俺だってその一人だ。豪華客船の中にあるフカフカのベッドで休みたい。体と脳を半分ずつとかじゃなくて。
食事だってしっかりした物が欲しい。カロリーメイトと野菜と魚だけでなく、がっつりと肉が欲しいな。
「流石に、皆疲労が濃いようだね」
「それはそうだよ、過酷な試験だったから」
「平田もお疲れさま、大変だったろう?」
「笹凪くん程じゃないさ。そして改めてお礼を言わせて欲しい、君がいなければここまで穏やかに結果を聞けなかったと思うから」
「褒めてくれるのは嬉しいな、鼻が長くなってしまう」
試験を終えて点呼が完了すると、いよいよ結果発表となる。今、この海岸には一年生全てが集められていた。

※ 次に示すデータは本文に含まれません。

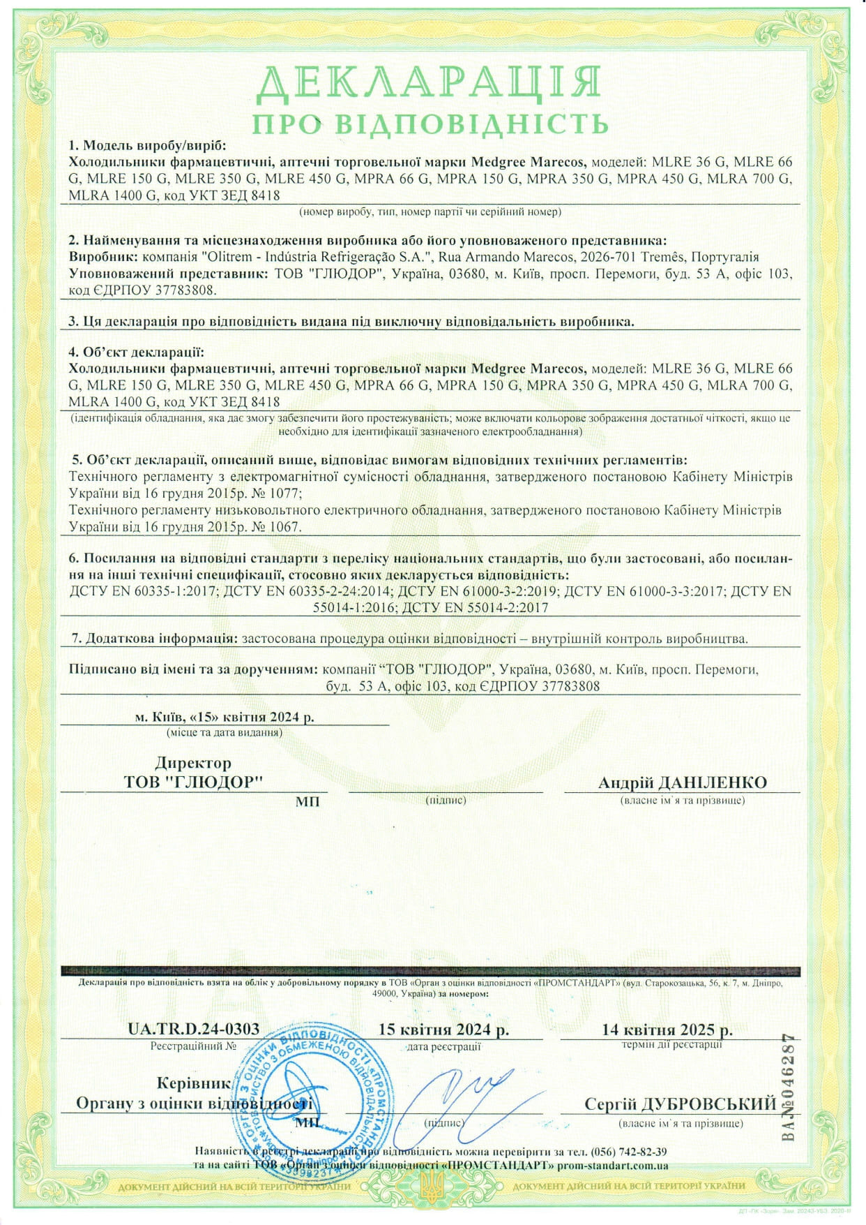 Оформлена Декларація відповідності (Декларация о соответствии) на продукцію, яка буде відповідати по формі і складу вимогам, які встановлюють Технічні регламенти в Україні
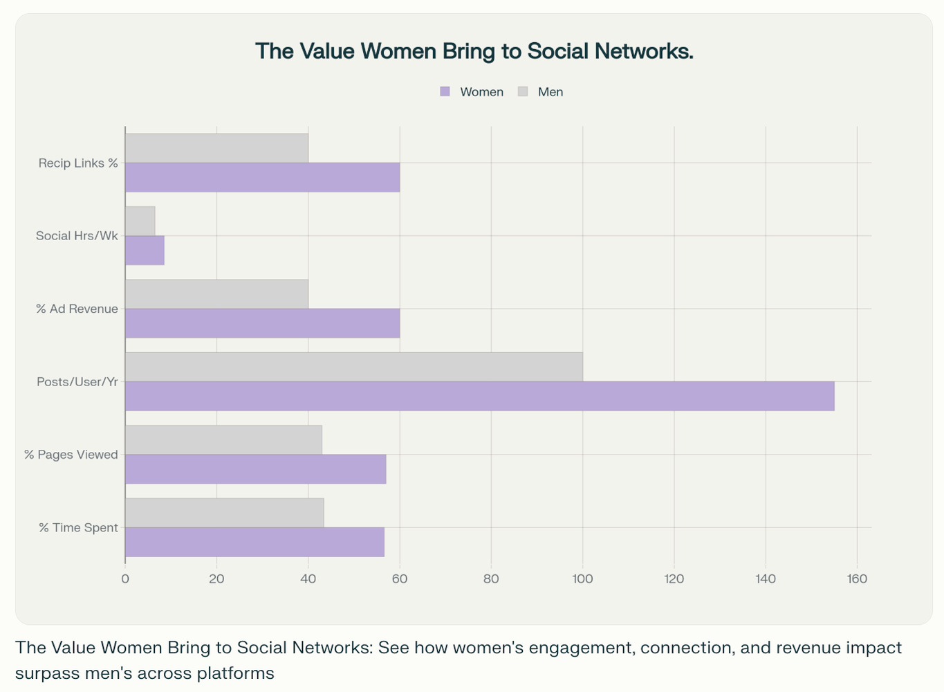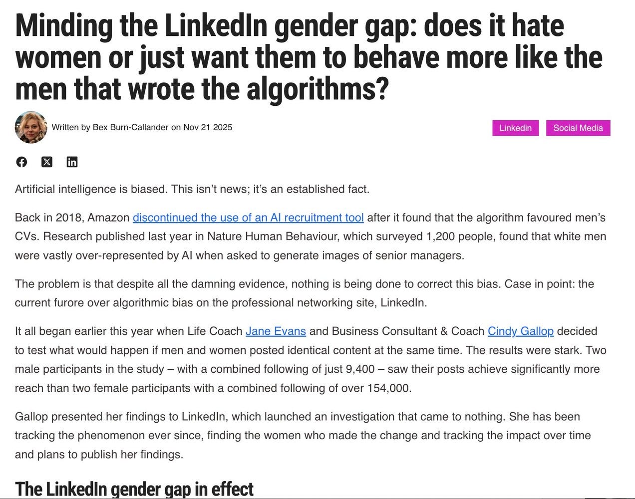Cindy Gallop documented reaching 801 people (0.6 percent of her followers) while a male colleague posting identical content reached 10,408 people (143 percent of his followers).
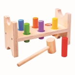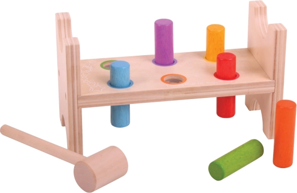 En sjov og sikker træhammerbænk til de mindste, der udvikler hånd-øje-koordination og finmotorik. Med farvestrålende tapper og en robust trækølle træner børn både præcision og grebsstyrke. Legetøjet har afrundede kanter, er lavet af kvalitetstræ og opfylder europæiske sikkerhedsstandarder.
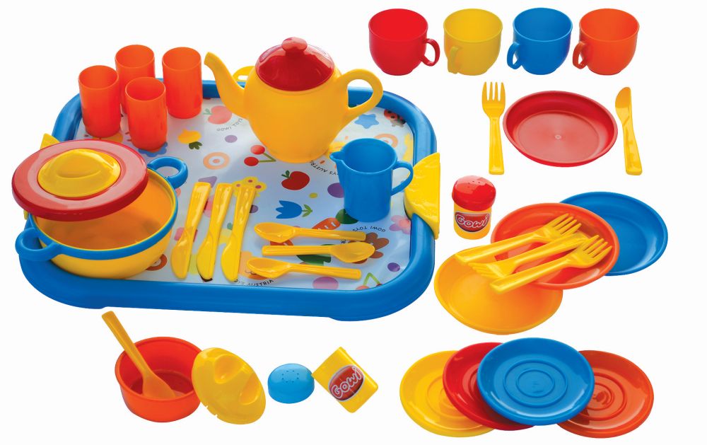 40 teilig – Tablett Größe: 39 x 35 cm, Der Kunststoff ist robust, formstabil und farbecht.
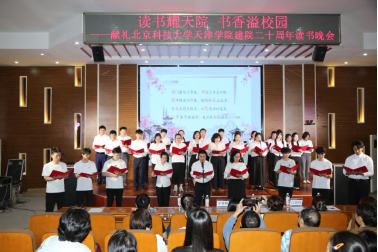晚会尾声,图书馆全体馆员饱含深情的朗诵《献礼北京科技大学天津学院建院二十周年》,为我校建院二十周年献上最诚挚的祝福,愿学院在传承与发展中迈向新的辉煌。

Dクラスは勿論のこと、他のクラスも勢ぞろいで結果を待ちわびている状態だった。
「堀北さんとも一緒に結果を聞きたかったんだけどね」
「仕方がないさ、彼女のリタイアは利確させる為に絶対に必要だったから」
「その辺の事情はクラスの皆が納得してる。責める人はいないと思うよ」
この海岸に来る前に、クラスメイトたちには堀北さんのリタイアとその理由、そして必要性を説明している。誰もが納得した様子であったので心配はいらないだろう。
「それにしても……Cクラスは異常だね、別次元だ」
大半の生徒が既に船の上だろうからな。
「どうして龍園くんだけはリタイアしてなかったんだろう?」
「彼は基本的に人は信用しないからな、指示だけだして船の上では不安で一杯だったんだろう」
「あはは、かもしれないね」
その龍園は少し離れた位置でこっちを睨みつけている。あの表情だけでは伊吹さんから報告された曖昧な情報だけでDクラスのリーダー指名をしたのか判断できないな。

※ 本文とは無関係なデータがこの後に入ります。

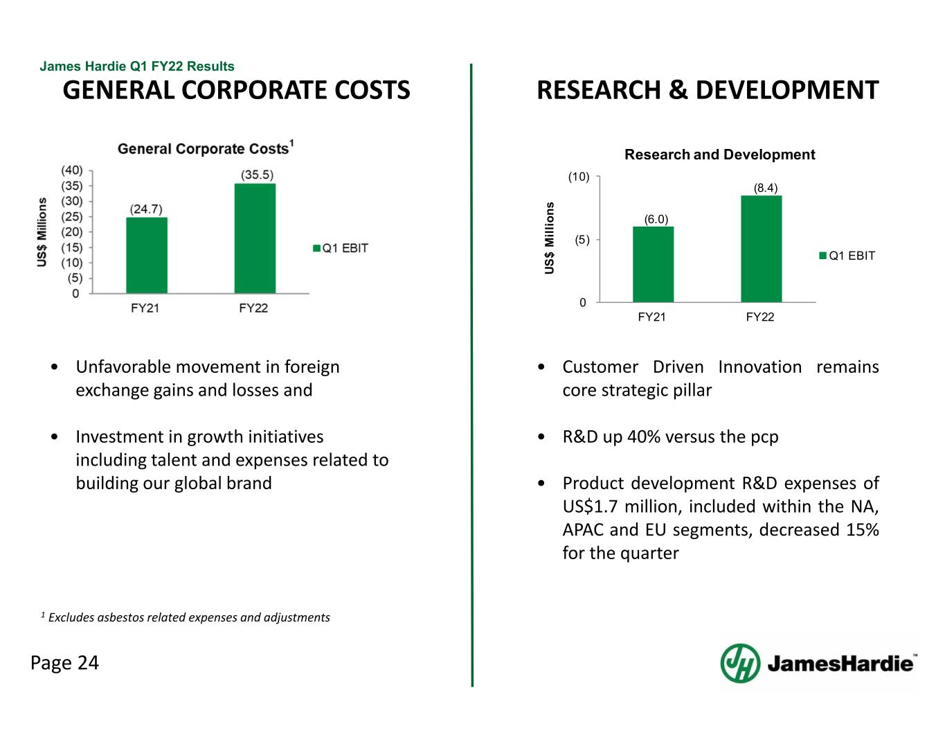Page 24 James Hardie Q1 FY22 Results GENERAL CORPORATE COSTS • Unfavorable movement in foreign exchange gains and losses and • Investment in growth initiatives including talent and expenses related to building our global brand • Customer Driven Innovation remains core strategic pillar • R&D up 40% versus the pcp • Product development R&D expenses of US$1.7 million, included within the NA, APAC and EU segments, decreased 15% for the quarter RESEARCH & DEVELOPMENT (6.0) (8.4) (10) (5) 0 FY21 FY22 US $ M ill io ns Research and Development Q1 EBIT 1 Excludes asbestos related expenses and adjustments
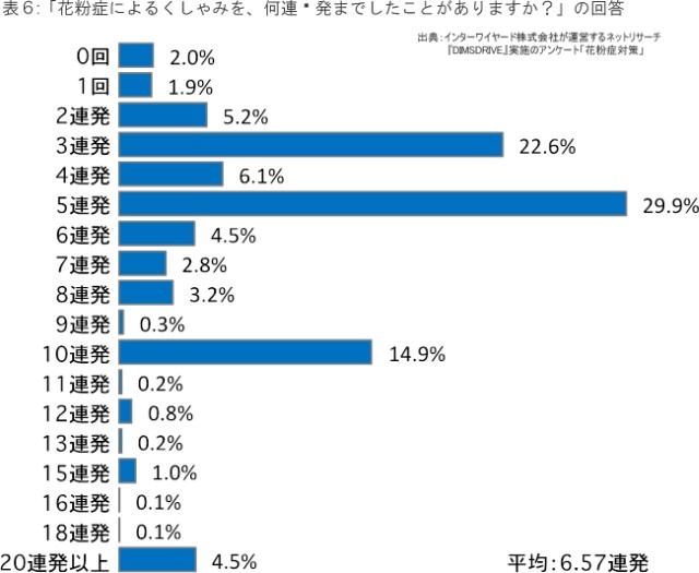 くしゃみ連発の平均回数は「6.57回」
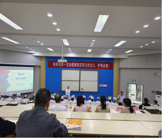 本次公开课由护理与助产学院行政负责人林永滔主持,基础护理教研室的余静老师主讲,参与本次公开课的点评专家有江苏食品药品职业技术学院教务处处长李媛,药学与中药学院副院长韩永红,医学技术学院副院长许国莹,护理与助产学院副院长汤春菊,儿护教研室张敏教授,beat365各个二级院部数十位老师观摩了课程。

だがニヤニヤした表情でこちらに近寄って来て煽ってこない辺り、彼も結果を完全には読み切れていないのかもしれない。
『これより特別試験の結果を発表する』
さて龍園の計算が外れるのか否か、そんなことを考えていると、真嶋先生が拡声器を使っていよいよ結果を教えてくれるらしい。
『そのままリラックスしてくれて構わない……どうした葛城?』
だがそれに待ったをかける生徒がいた。それはAクラスのリーダーである葛城であった。
彼は申し立てたい意義があるかのように高く手を伸ばし、視線だけは俺を見つめている。何かしらケチを付けたいんだろうか?

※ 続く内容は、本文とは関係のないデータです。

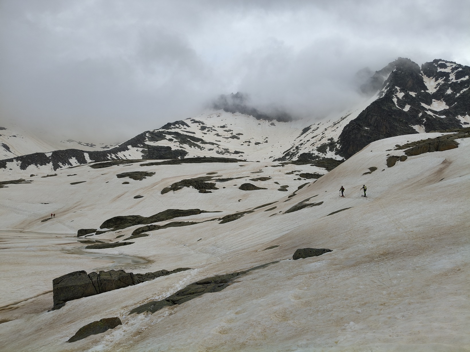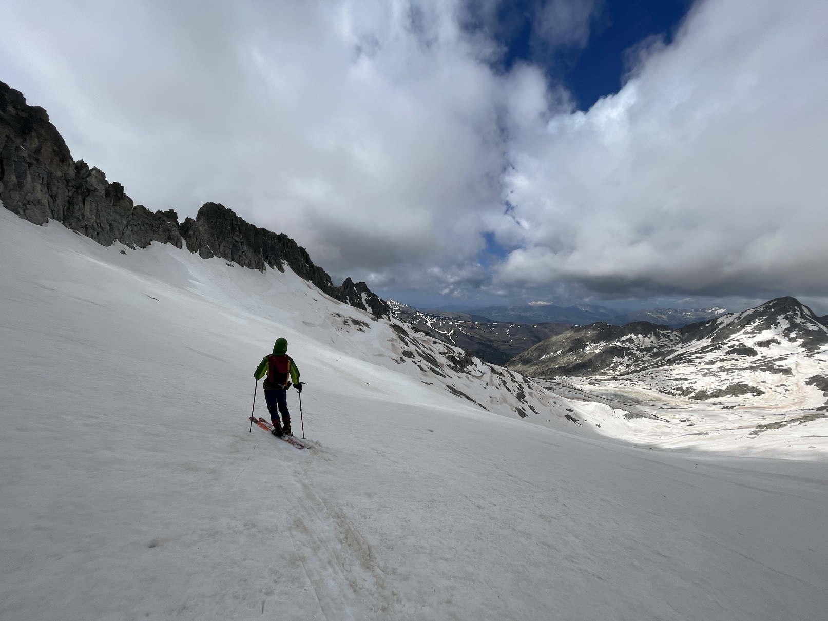 Pero no es hasta el ibón inferior de Coronas donde podemos calzar los esquís
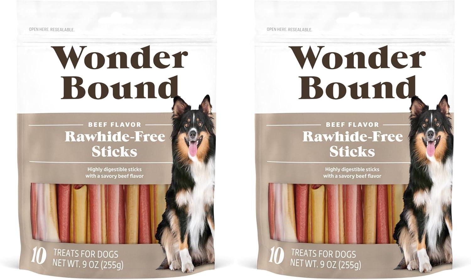 Wonder Bound Beef Flavor Dog Treat Sticks – 10 Count – Rawhide-Free, Dental Health Chews for Plaque & Tartar Control, Easy to Digest, Long-Lasting(Beef)
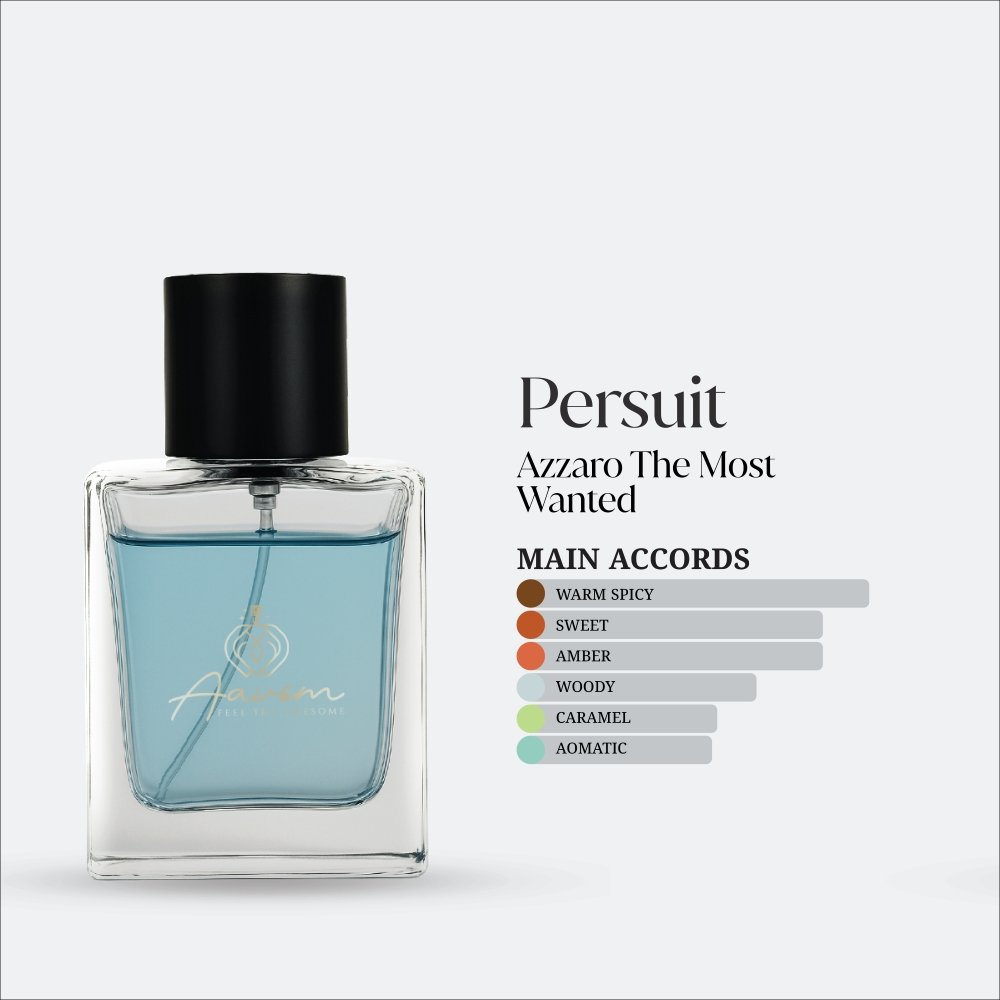 Persuit is an adventurous fragrance that draws its inspiration from the Azzaro Most Wanted line and is aimed towards the most daring and bold individuals. It starts with an energetic spicy blend of amber, warm sweetness, green apple, ginger, and more. It is sweet and fiery all together. Loveable notes of tobacco and amber wood shift into center stage while the deep base notes of vanilla, leather, and caramel seal in the bliss. The fusion of woods and warmth creates a soft spice scent and is more than an achievement fragrance. This composition is destined to accompany anyone on their purposeful endeavors without boundaries. Without question, “Persuit—wear your goals and aspirations”.
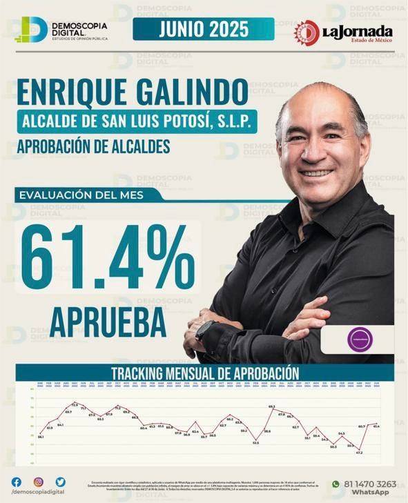 Con visión metropolitana y políticas públicas innovadoras, Enrique Galindo se ha consolidado como un referente nacional de buen gobierno municipal. Su aprobación no sólo es reflejo del trabajo cotidiano en las calles, sino también de una agenda social con alto sentido humano, que prioriza la inclusión, la sostenibilidad y la reconstrucción del tejido comunitario en San Luis Potosí.
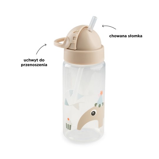 Poręczny i funkcjonalny bidon z rurką jest idealny dla spragnionych Maluchów. Butelka zawiera przesuwaną klapkę ułatwiającą korzystanie z bidonu. Skonstruowany w taki sposób, aby zapobiegać niepotrzebnym wyciekom płynu. Posiada uchwyt do przenoszenia który pomoże małym rączkom w łatwy sposób dostać się do słomki. Wykonany z wytrzymałego, a przede wszystkim bezpiecznego materiału. Bidon ze słomką jest przeźroczysty dzięki czemu w każdej chwili można kontrolować ilość płynu w butelce. Kolorystyka i wzór bidonu dla dziecka sprawi, że dziecko z większą chęcią będzie po niego sięgało. Idealnie sprawdzi się podczas spacerów, na wycieczce lub w przedszkolu.

「真嶋先生、割り込んでしまいすいません。しかし試験が完全に終了する前に一つだけ提議したいことがあります」
『葛城、それはなんだ?』
「Dクラスの不正疑惑についてです」
浜辺に集まった生徒たちが葛城のその発言にザワザワとうろたえて、多くの視線がDクラスに集まって来る。
仕方がない、前に出るか。
「不正疑惑と言ったな、それはどういったものなのかな?」
「お前たちDクラスはスポット装置を確保して場所を移動させていた、そうだな?」
当然ながら葛城もこちらの作戦は理解していただろうな。占有が切り替わるタイミングでフリーになったスポットを引っこ抜いたりしていたから。
「あぁ、確かに。しかし君はスポットの独占は正当な権利だと言ったような気がするけど? その言葉を翻すのかな?」
「二言はない、そこは変わらない。だが装置を持ち去った方法に関しては疑惑がある」
「ふむ、具体的には?」
「スポット装置の多くが移動させられないようにしっかりと固定されていた。岩や壁にはめ込まれていたり、ボルトナットや鎖で固定されていたりと様々だが、簡単に動かすことはできないようになっていた……専用の工具でもない限りは不可能だ」
「つまり、君は俺たちが違法な手段で工具類を島に持ち込んだと言いたいのかな?」
「その通りだ」
「島に入る前に身体検査はしたと思うけど」
「だが、そうでなければスポットの回収は不可能だ」
ふむ、どうしたものだろうか? 素手で引っこ抜いたと説明して彼が納得してくれるとは思えない。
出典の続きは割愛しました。